GIVEN ENTRIES below:
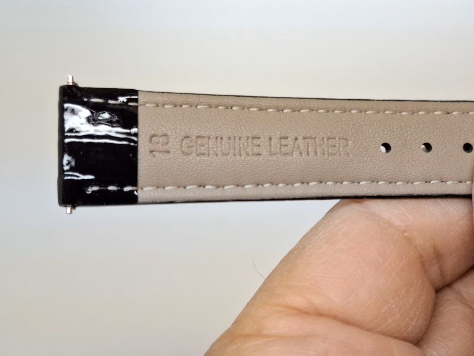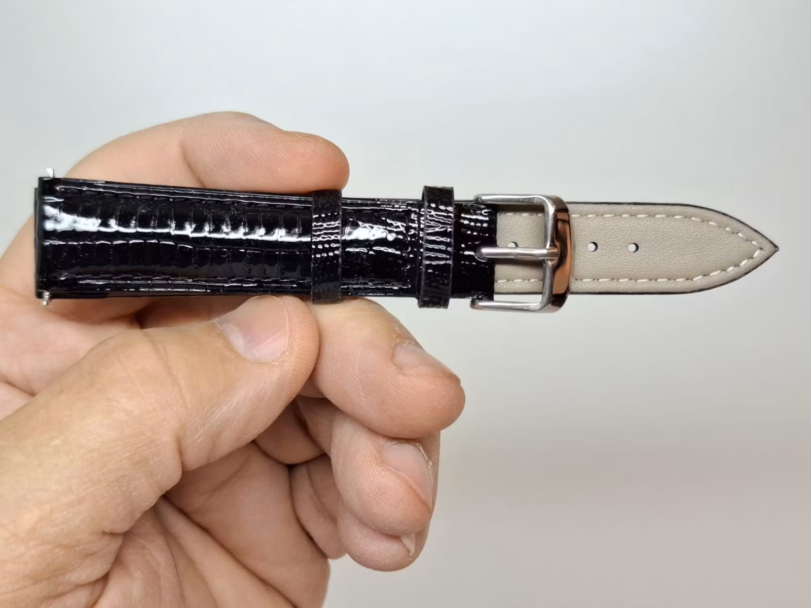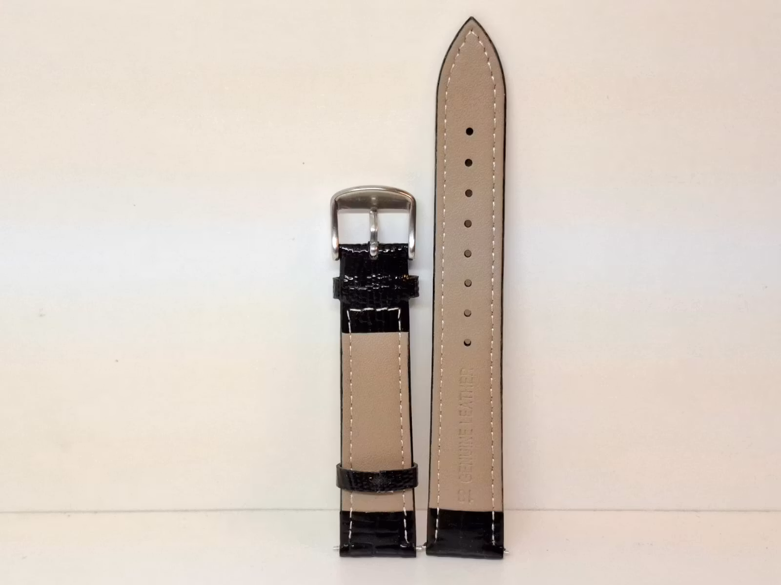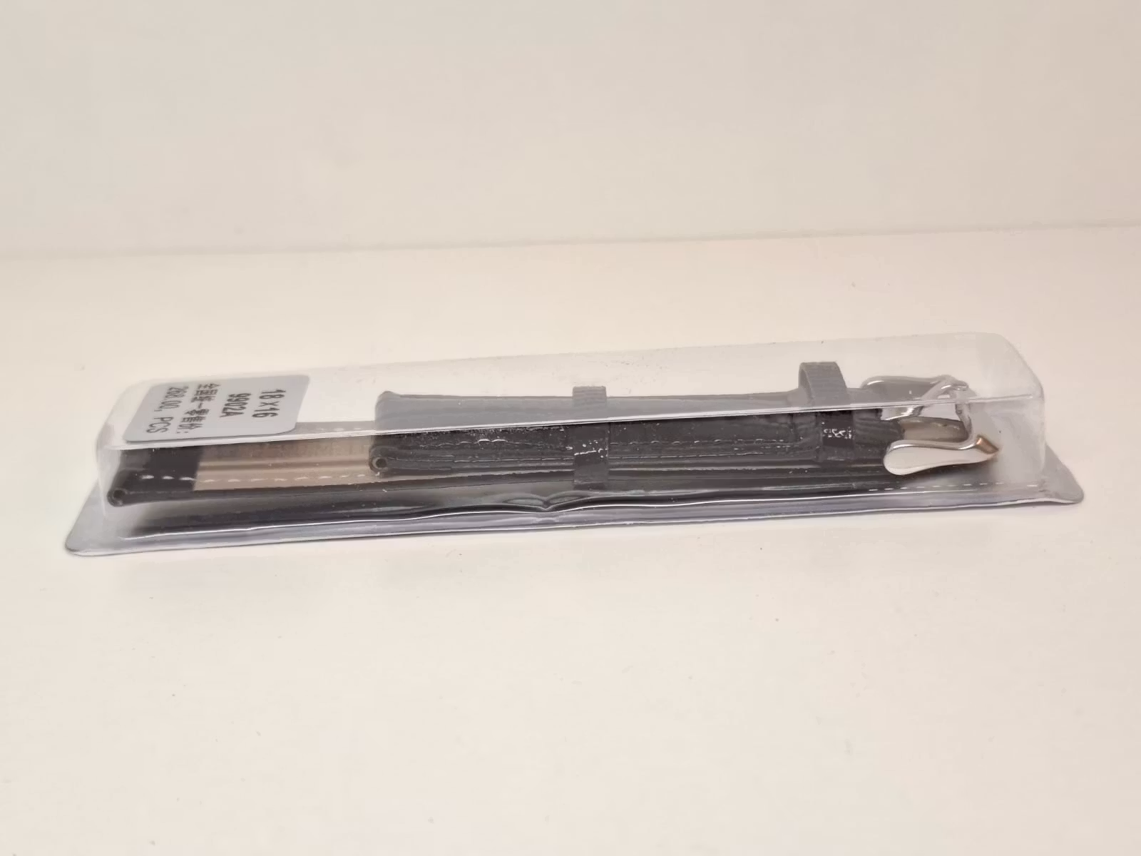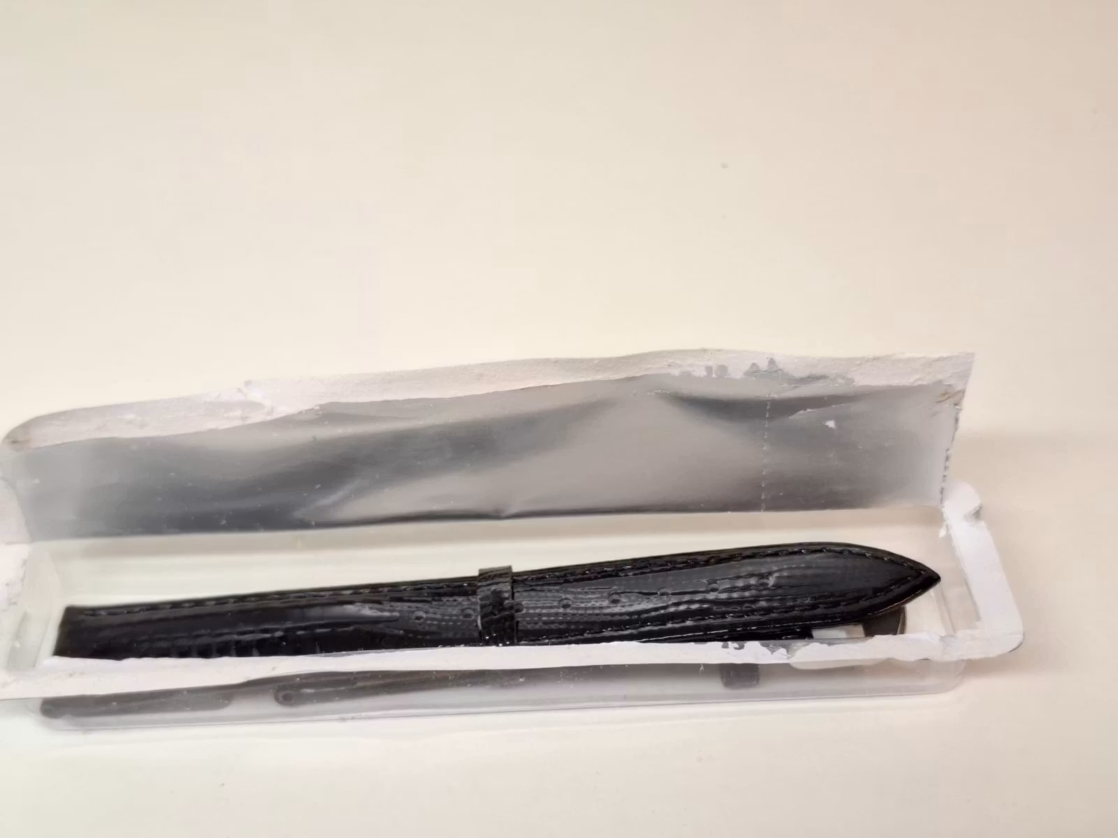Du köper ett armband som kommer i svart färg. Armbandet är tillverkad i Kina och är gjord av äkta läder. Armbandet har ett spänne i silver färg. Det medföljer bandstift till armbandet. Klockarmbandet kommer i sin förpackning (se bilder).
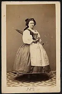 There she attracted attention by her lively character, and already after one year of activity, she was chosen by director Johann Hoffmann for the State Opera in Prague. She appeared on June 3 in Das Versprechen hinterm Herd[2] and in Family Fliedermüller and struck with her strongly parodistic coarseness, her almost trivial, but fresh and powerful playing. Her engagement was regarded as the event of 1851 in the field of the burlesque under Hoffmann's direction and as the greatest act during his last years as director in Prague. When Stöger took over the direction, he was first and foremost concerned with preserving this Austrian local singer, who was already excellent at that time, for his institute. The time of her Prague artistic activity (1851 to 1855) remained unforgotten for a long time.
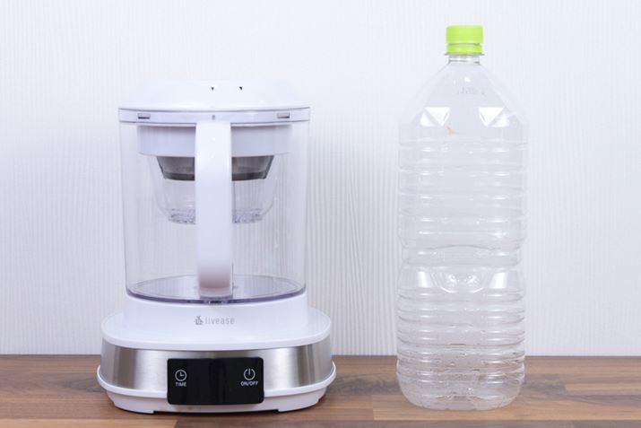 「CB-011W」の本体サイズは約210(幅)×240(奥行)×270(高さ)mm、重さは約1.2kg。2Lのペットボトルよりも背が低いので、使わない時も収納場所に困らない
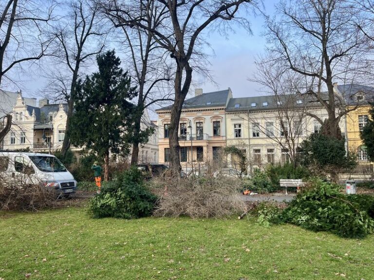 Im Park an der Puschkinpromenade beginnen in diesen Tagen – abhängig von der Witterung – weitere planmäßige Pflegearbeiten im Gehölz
End of GIVEN ENTRIES.
GIVEN ENTRIES below:
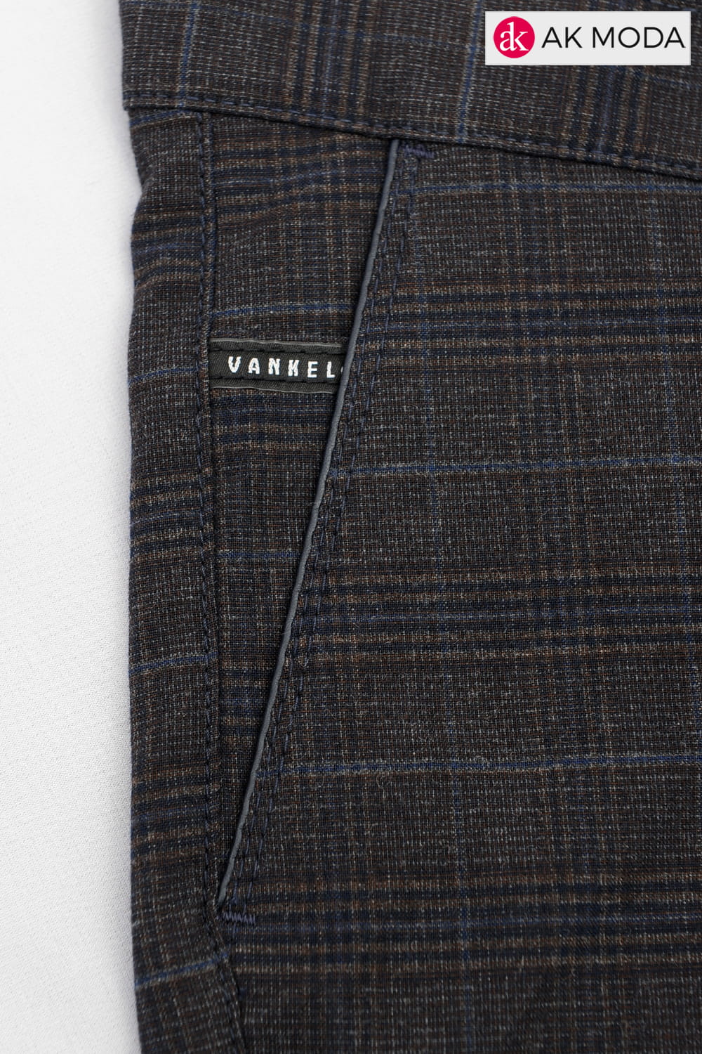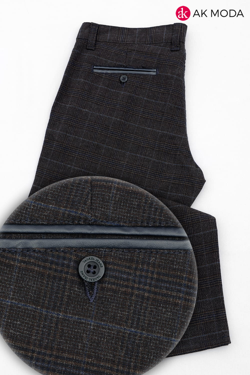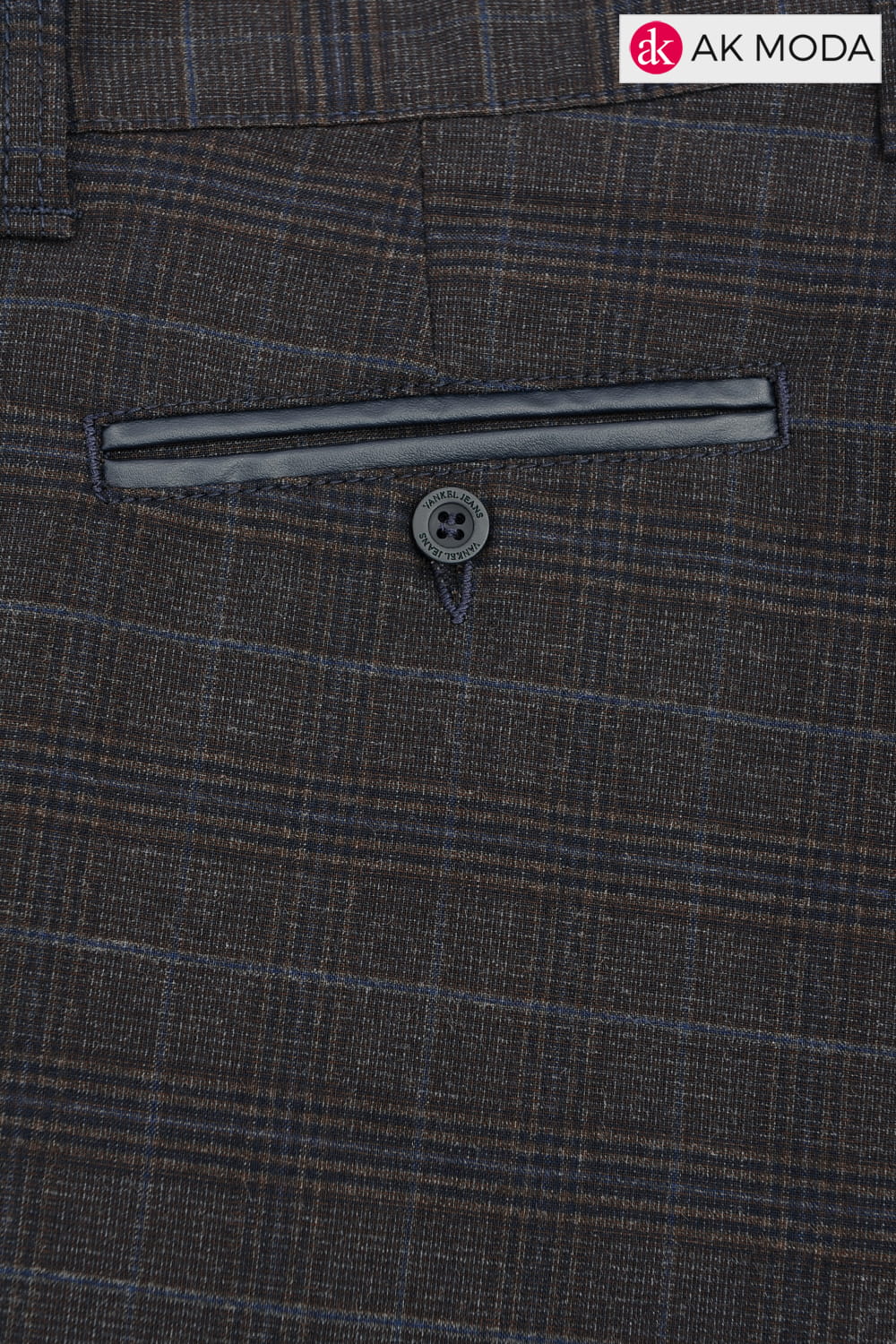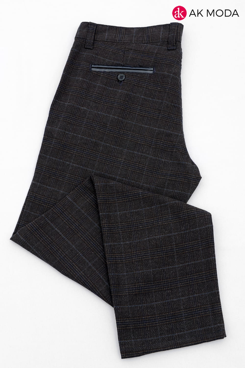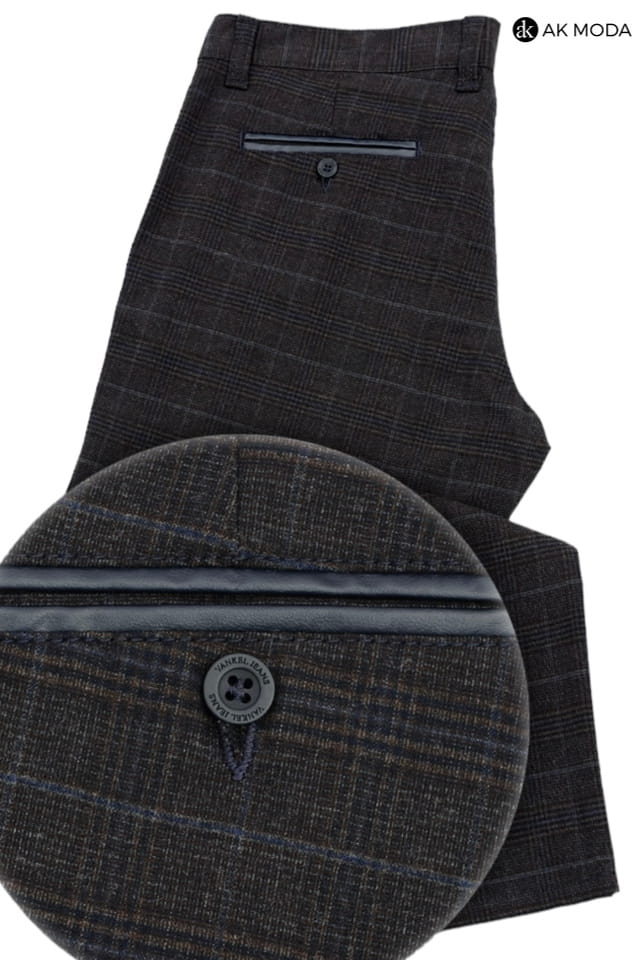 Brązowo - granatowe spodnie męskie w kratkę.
End of GIVEN ENTRIES.
GIVEN ENTRIES below:
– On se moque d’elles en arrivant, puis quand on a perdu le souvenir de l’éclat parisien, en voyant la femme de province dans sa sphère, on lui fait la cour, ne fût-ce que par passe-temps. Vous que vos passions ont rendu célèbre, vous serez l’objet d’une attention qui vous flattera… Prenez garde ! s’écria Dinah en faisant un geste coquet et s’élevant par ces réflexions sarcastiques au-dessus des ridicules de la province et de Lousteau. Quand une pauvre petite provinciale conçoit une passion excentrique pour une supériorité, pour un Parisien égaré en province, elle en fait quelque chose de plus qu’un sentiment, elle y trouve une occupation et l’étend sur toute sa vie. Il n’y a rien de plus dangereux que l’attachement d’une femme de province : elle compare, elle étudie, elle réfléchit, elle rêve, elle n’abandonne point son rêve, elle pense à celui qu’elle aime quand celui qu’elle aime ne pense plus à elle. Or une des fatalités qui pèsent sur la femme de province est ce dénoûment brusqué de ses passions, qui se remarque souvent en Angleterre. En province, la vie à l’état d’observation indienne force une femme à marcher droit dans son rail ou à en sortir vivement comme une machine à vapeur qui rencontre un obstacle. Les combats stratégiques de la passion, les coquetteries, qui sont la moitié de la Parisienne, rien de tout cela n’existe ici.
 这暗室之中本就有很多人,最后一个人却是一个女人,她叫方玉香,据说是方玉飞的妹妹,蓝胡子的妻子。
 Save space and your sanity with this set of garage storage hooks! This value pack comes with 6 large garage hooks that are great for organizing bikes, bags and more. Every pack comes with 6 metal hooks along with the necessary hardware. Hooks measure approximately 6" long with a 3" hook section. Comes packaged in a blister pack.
End of GIVEN ENTRIES.
EXERCISE BRIEF> Everything between and including the line above containing "Du köper ett" and the line containing "Im Park an der" should be reproduced exactly, with pictures excluded.

EXERCISE RESPONSE>
Du köper ett armband som kommer i svart färg. Armbandet är tillverkad i Kina och är gjord av äkta läder. Armbandet har ett spänne i silver färg. Det medföljer bandstift till armbandet. Klockarmbandet kommer i sin förpackning (se bilder).
 There she attracted attention by her lively character, and already after one year of activity, she was chosen by director Johann Hoffmann for the State Opera in Prague. She appeared on June 3 in Das Versprechen hinterm Herd[2] and in Family Fliedermüller and struck with her strongly parodistic coarseness, her almost trivial, but fresh and powerful playing. Her engagement was regarded as the event of 1851 in the field of the burlesque under Hoffmann's direction and as the greatest act during his last years as director in Prague. When Stöger took over the direction, he was first and foremost concerned with preserving this Austrian local singer, who was already excellent at that time, for his institute. The time of her Prague artistic activity (1851 to 1855) remained unforgotten for a long time.
 「CB-011W」の本体サイズは約210(幅)×240(奥行)×270(高さ)mm、重さは約1.2kg。2Lのペットボトルよりも背が低いので、使わない時も収納場所に困らない
 Im Park an der Puschkinpromenade beginnen in diesen Tagen – abhängig von der Witterung – weitere planmäßige Pflegearbeiten im Gehölz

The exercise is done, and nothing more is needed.